Sei que a do Aeroporto da Portela fica a* 4,5 km*. 
A de Sacavém deverá ficar a cerca de *2 km*, o que se reflecte nos valores: muito parecidos com os meus.
Repare-se nos extremos, tanto nos de Inverno como nos de Verão.
Efeito da maior proximidade do Vale do Tejo.


----------



## belem (14 Out 2007 às 22:06)

Espantosa a amenidade de algumas estações ( mínimos absolutos).
Outras têm maior contraste, fazendo lembrar o leste do Mediterrâneo.
45,3 para Santarém e Rio Maior!


----------



## Daniel Vilão (14 Out 2007 às 22:12)

belem disse:


> Espantosa a amenidade de algumas estações ( mínimos absolutos).
> Outras têm maior contraste, fazendo lembrar o leste do Mediterrâneo.
> 45,3 para Santarém e Rio Maior!



Já discuti acerca da estação de Rio Maior com o *Fil* há uns tempos e parece que estamos de acordo que esse valor nos parece demasiado elevado, visto que Rio Maior é um sitio muito ventoso, elevado e fresco e isso seria muito estranho, ainda por cima para o período de referência em causa, que não é de grandes records em termos de máximas absolutas.
Na temperatura de Santarém já acredito.
A freguesia mais próxima de mim registou *-2,5 ºC* e* 42,5 ºC* de extremos durante esse período de referência, o que enaltece os valores da minha assinatura.
Não nos esqueçamos que depois disso já foi batido o record de temperatura mínima e máxima aqui pela região ! 

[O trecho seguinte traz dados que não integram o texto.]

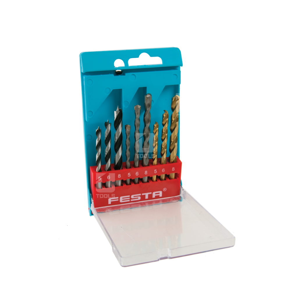 - Sada FESTA vrtákov do dreva, zdiva a kovov s priemermi 5, 6 a 8 mm s valcovou stopkou.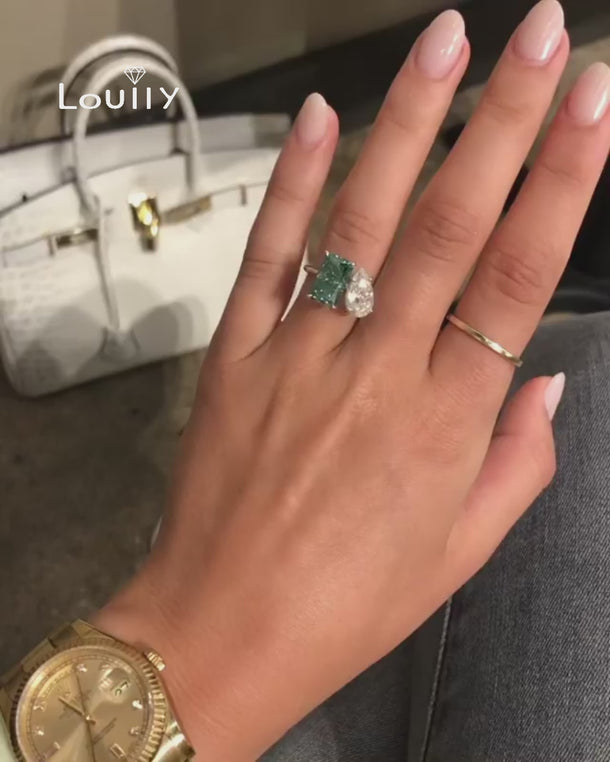 Louily Unique Double Stones Design Radiant & Pear Cut Engagement Ring In Sterling Silver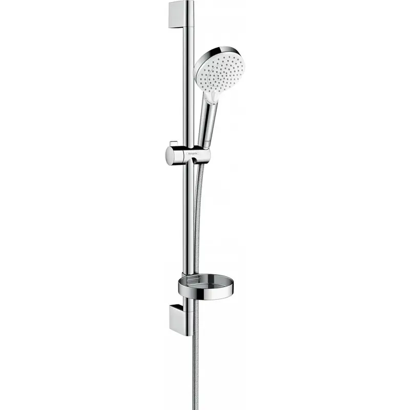 Душевой гарнитур, Hansgrohe, Crometta Vario, размер штанги, мм-650, размер шланга, мм-1600, диаметр ручного душа, мм-100, количество режимов-2, тип струи-Rain, Intense Rain, комплектация-мыльница, цвет-белый/хром
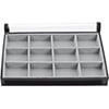 - Bandeja com 12 nichos com medidas aproximadas de 6 x 5 cm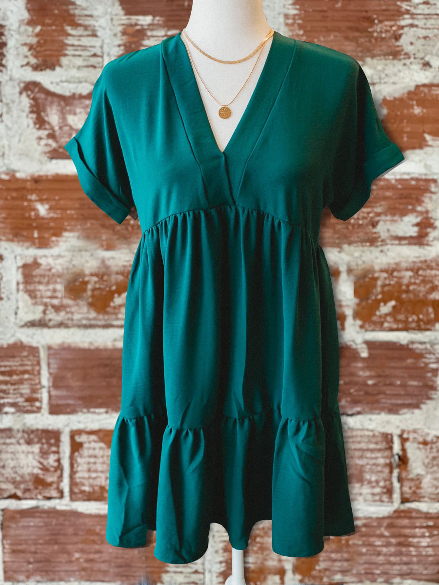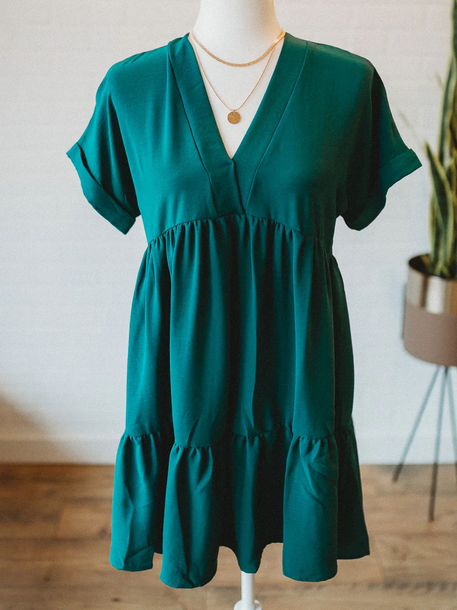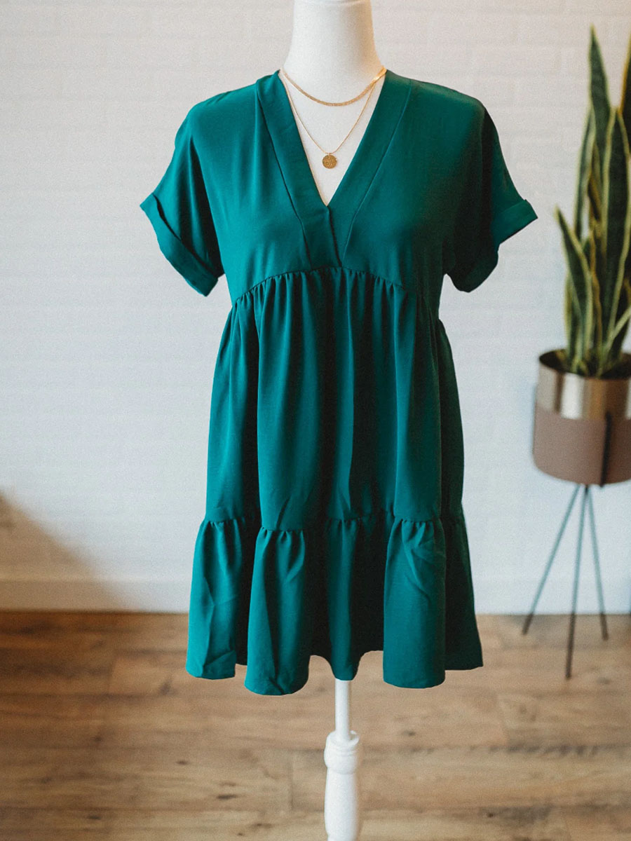 Elevate your everyday style with this Drop Shoulder Green Tiered Dress. The relaxed fit and notched V-neck add a touch of sophistication to this babydoll dress. Perfect for a casual day out or a special occasion.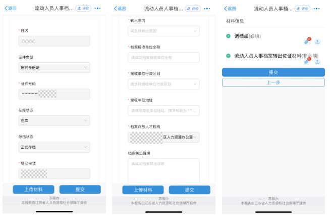 ②进入服务,按要求填写信息,上传调档案等材料,点击“提交”完成申请。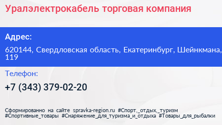 Уралэлектрокабель, торговая компания по адресу 620144, Свердловская область, Екатеринбург, Шейнкмана, 119 в дальнейшем Организация, размещена в следующих категориях: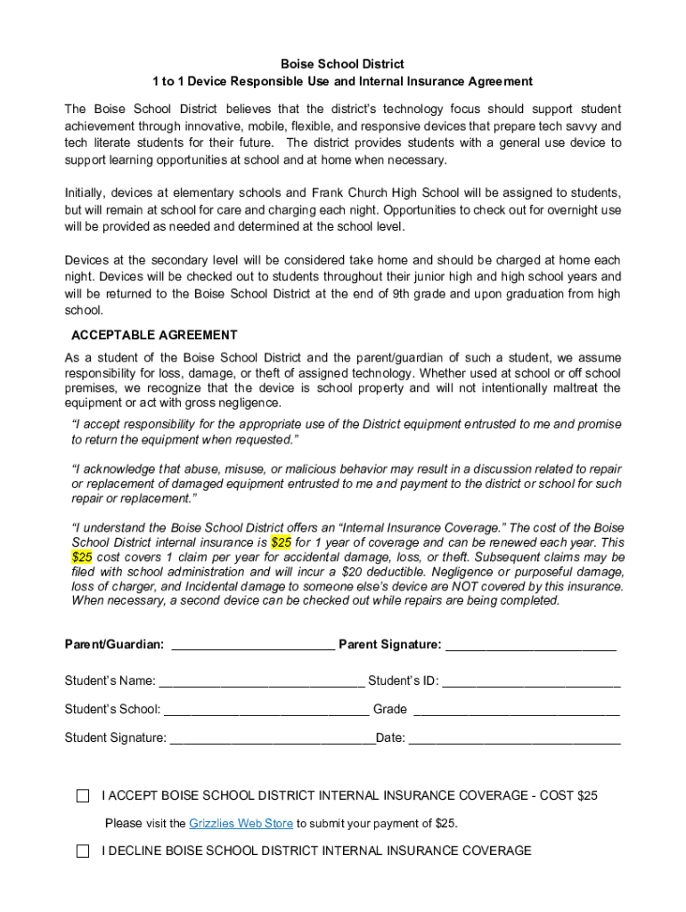 Boise School District 1 to 1 Device Responsible Use and Internal Insurance Agreement The Boise School District believes that the districts' technology focus should support student achievement through

De qualquer forma, estes registos são uma preciosidade !


----------



## belem (14 Out 2007 às 22:23)

Daniel_Vilao disse:


> Já discuti acerca da estação de Rio Maior com o *Fil* há uns tempos e parece que estamos de acordo que esse valor nos parece demasiado elevado, visto que Rio Maior é um sitio muito ventoso, elevado e fresco e isso seria muito estranho, ainda por cima para o período de referência em causa, que não é de grandes records em termos de máximas absolutas.
> Na temperatura de Santarém já acredito.
> A freguesia mais próxima de mim registou *-2,5 ºC* e* 42,5 ºC* de extremos durante esse período de referência, o que enaltece os valores da minha assinatura.
> Não nos esqueçamos que depois disso já foi batido o record de temperatura mínima e máxima aqui pela região !
> ...



Pois é, não sei...  Setúbal por exemplo é junto ao mar e chegou aos 45...Às vezes em dias de calmaria, locais inesperados atingem bons valores.
Mas de resto não me posso pronunciar. 
Estamos a falar de cidades que em termos nacionais, não são nada de especial em termos de calor estival, mas de qualquer forma, 45 é um bom valor, fazendo antever, o enorme potencial de outros locais mais quentes.
Esse recorde de Moscavide foi medido por ti ou por uma estação local?


----------



## Daniel Vilão (14 Out 2007 às 22:30)

belem disse:


> Pois é, não sei...  Setúbal por exemplo é junto ao mar e chegou aos 45...Às vezes em dias de calmaria, locais inesperados atingem bons valores.
> Mas de resto não me posso pronunciar.
> Estamos a falar de cidades que em termos nacionais, não são nada de especial em termos de calor estival, mas de qualquer forma, 45 é um bom valor, fazendo antever, o enorme potencial de outros locais mais quentes.
> Esse recorde de Moscavide foi medido por ti ou por uma estação local?



Aqui não há nenhuma estação oficial, este valor foi recolhido por mim naquele record absoluto de 2003, naquela vaga de calor enorme.
Lisboa chegou aos *43 ºC* em Gago Coutinho nesse dia.
As RUEMA devem ter registado valores bem acima destes *43 ºC*, talvez iguais ou até maiores do que o meu record.


----------



## Mário Barros (26 Jul 2008 às 21:32)

Fil disse:


> Com algum atraso, aqui estão algumas médias e extremos absolutos da região de Lisboa:
> 
> Temperatura média do ar
> 
> ...



De que periodo é isso ??


----------



## Fil (26 Jul 2008 às 22:41)

É para o período 1941-1970.


----------